There was a bend in a drainpipe low enough for him to climb up on, and he helped Lizzie to follow. Ironically, the iron cage over the downstairs window allowed another firm foothold. From there it was an easy climb up the side of the house to the top of the wall that housed the alleyway door.

‘I don’t like it,’ said Lizzie with a whimper. ‘It’s too high . . .’


Shhh
, Lizzie,’ hissed Sam. ‘Don’t look down and you’ll be fine, honest. I’m just going to edge over there and get the window open. Hang on.’

Lizzie was not at all convinced.

‘Supposing there’s someone there, Sam.’

‘Stop worrying, Liz.’

He left her standing on the wall, clinging nervously to another drainpipe, and stepped on to where the pipe branched sideways to grab hold of the crumbling sill of the upstairs window. The drainpipe sagged under his weight and a shower of mortar fell to the yard below.
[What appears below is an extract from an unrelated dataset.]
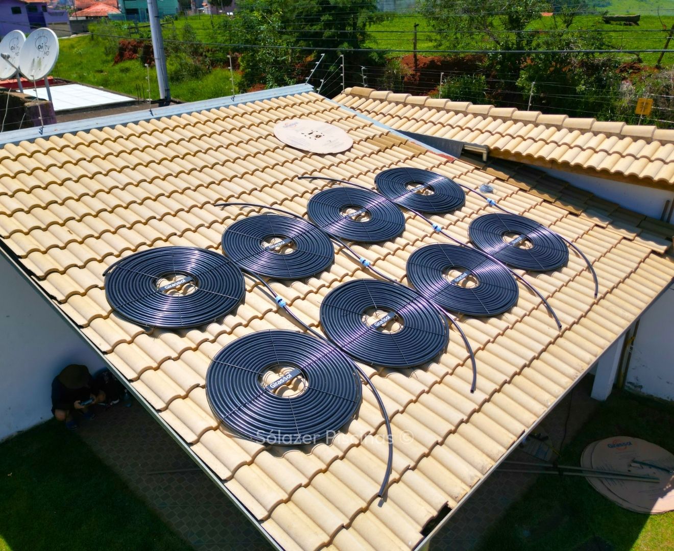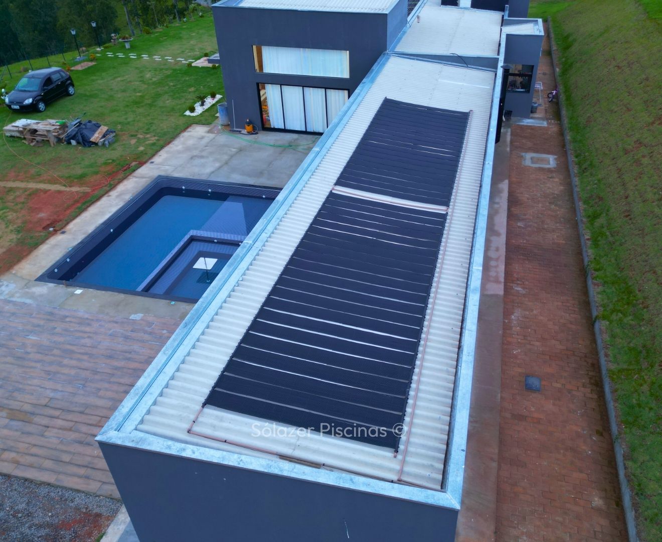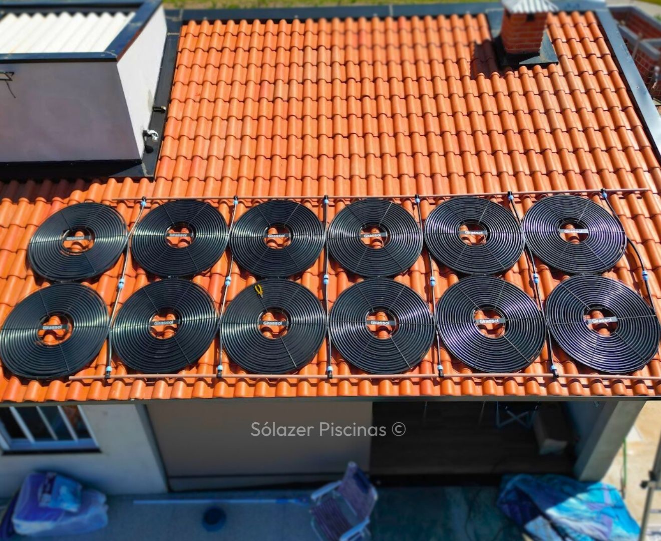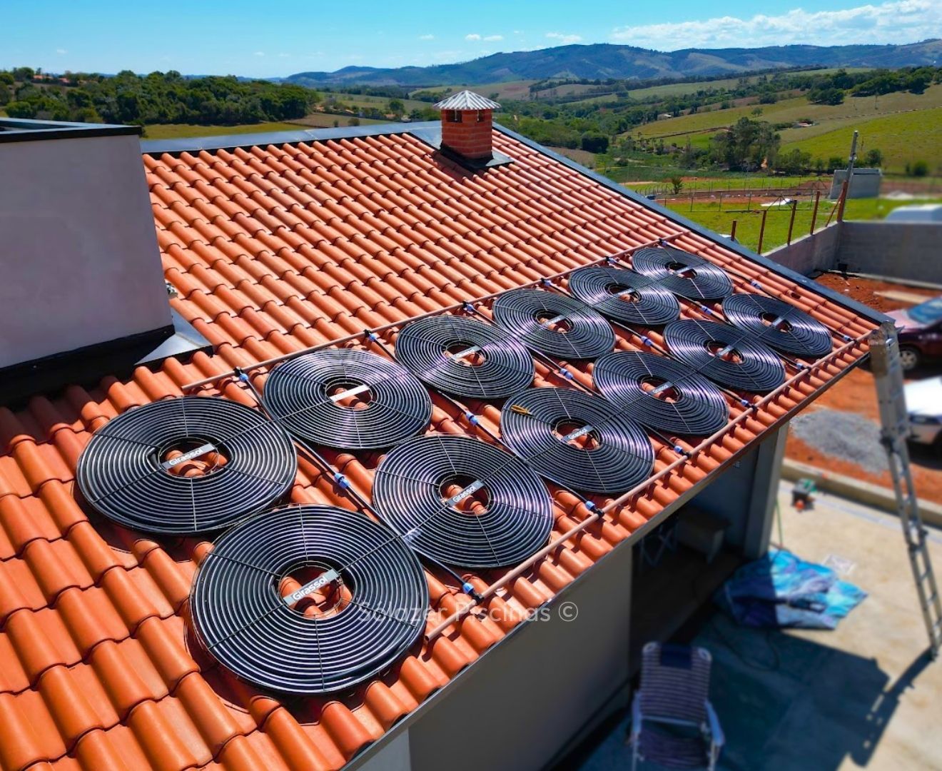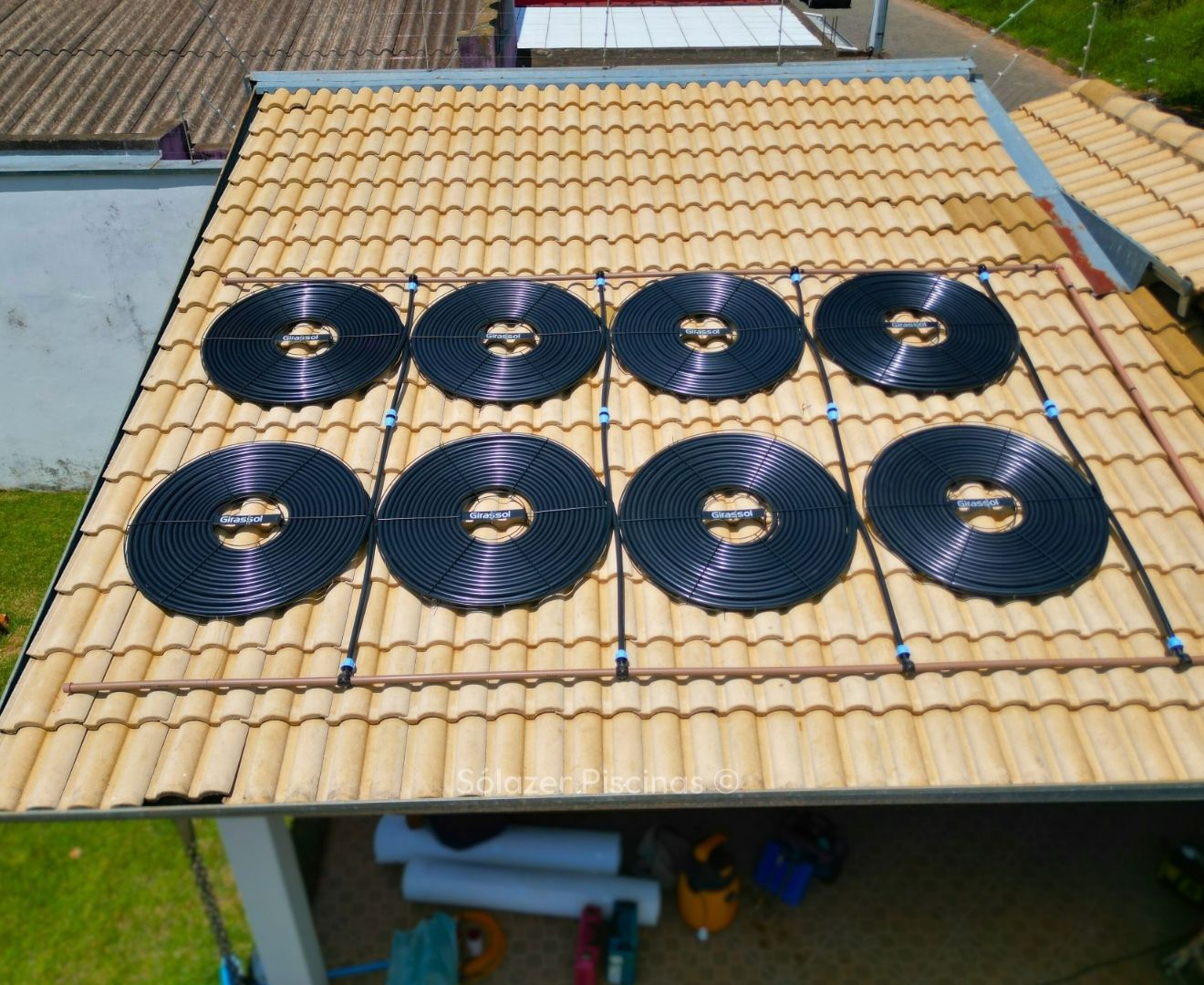 O aquecedor solar funciona com painéis instalados em telhados ou áreas com alta exposição solar, que captam o calor do sol e o transferem para a água da piscina por meio de tubulações, movidas por uma motobomba.

Sam tested the pipe and, feeling sure that it was going to hold firm, edged further up the slope of it, so that he could more easily raise himself up to see over the sill.

The stone was cold to the touch and the lead piping in his pocket clanged against the brickwork as he peered slowly over the top at the grimy window above.

The glass was so filthy, in fact, the image it grudgingly revealed was blurred and it took a moment for Sam to realise that Marley’s ghost was walking backwards, heading for the window, Scrooge ghostly visible through the spectre’s black topcoat, like something pickled in a jar.